» **DATA BELOW**
:::

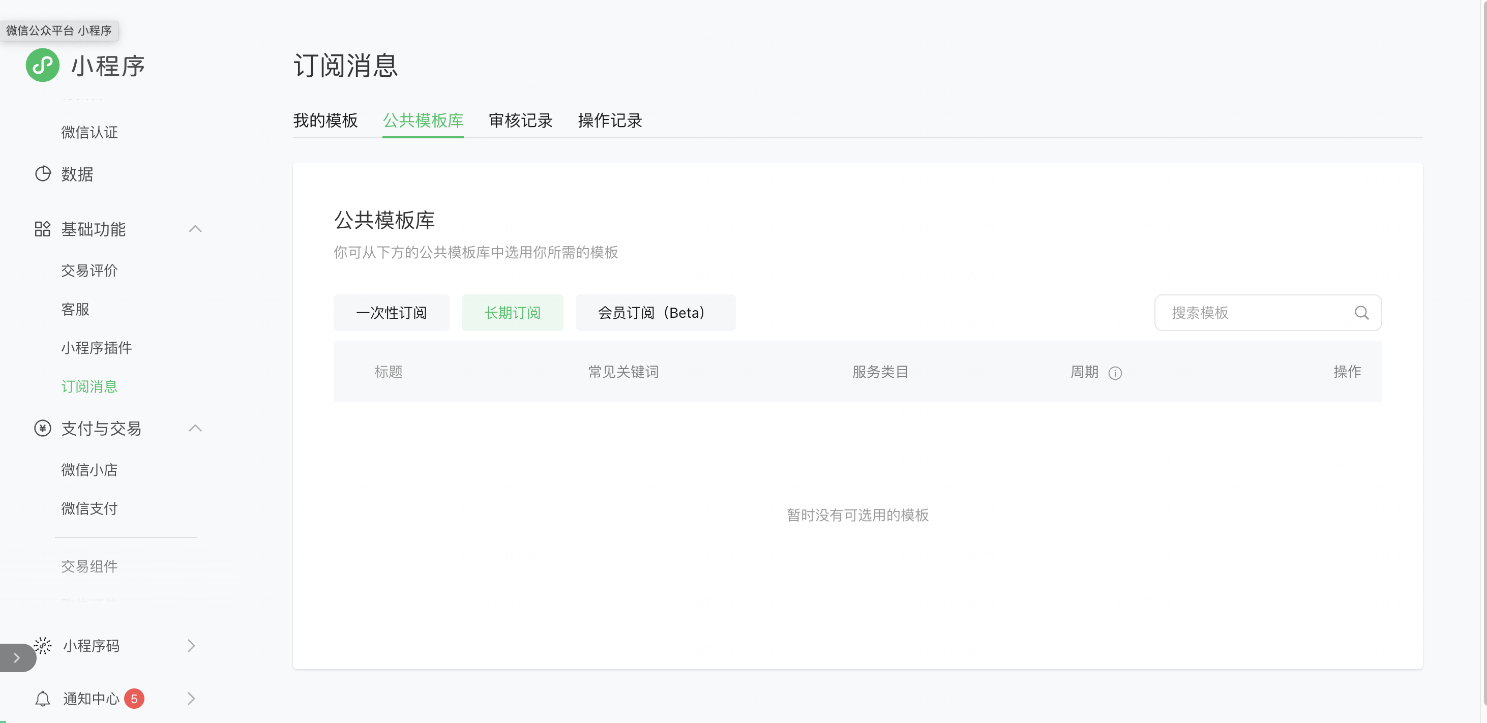 小程序类目有出国留学,信息查询和在线教育,但点进公共模版库没有任何长期订阅模版
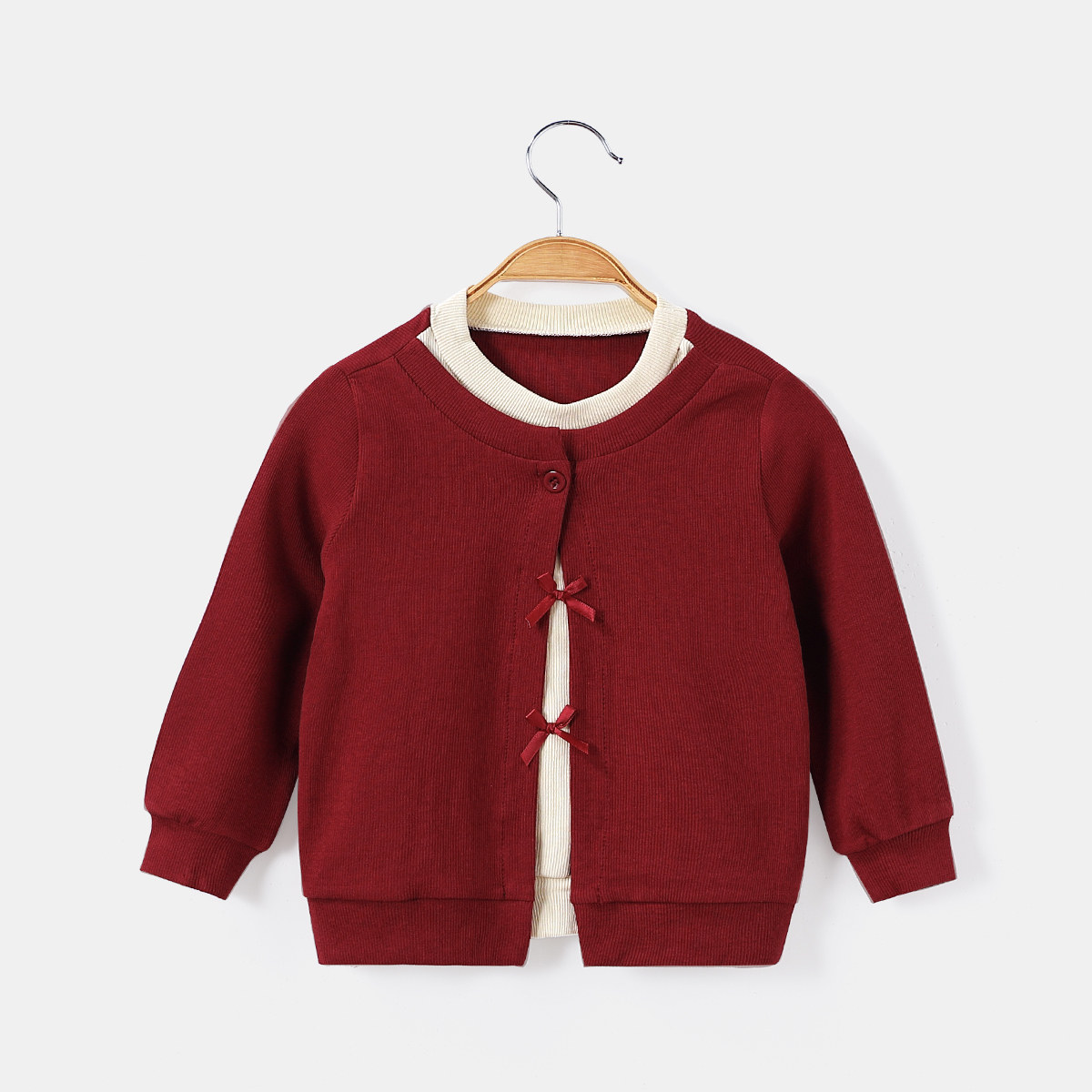 📚 【洋气甜美假两件打底衫】童装女宝宝秋季百搭针织衫小童舒适T恤
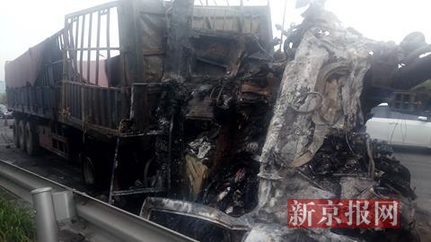 (原标题:东四环主路两大货车相撞致2人死亡 大货车驾驶室被烧毁)

:::

» **EXERCISE OBJECTIVE**
Write out the full listing verbatim, excluding its pictures.

» **SOLVED PROBLEM**
 小程序类目有出国留学,信息查询和在线教育,但点进公共模版库没有任何长期订阅模版
 📚 【洋气甜美假两件打底衫】童装女宝宝秋季百搭针织衫小童舒适T恤
 (原标题:东四环主路两大货车相撞致2人死亡 大货车驾驶室被烧毁)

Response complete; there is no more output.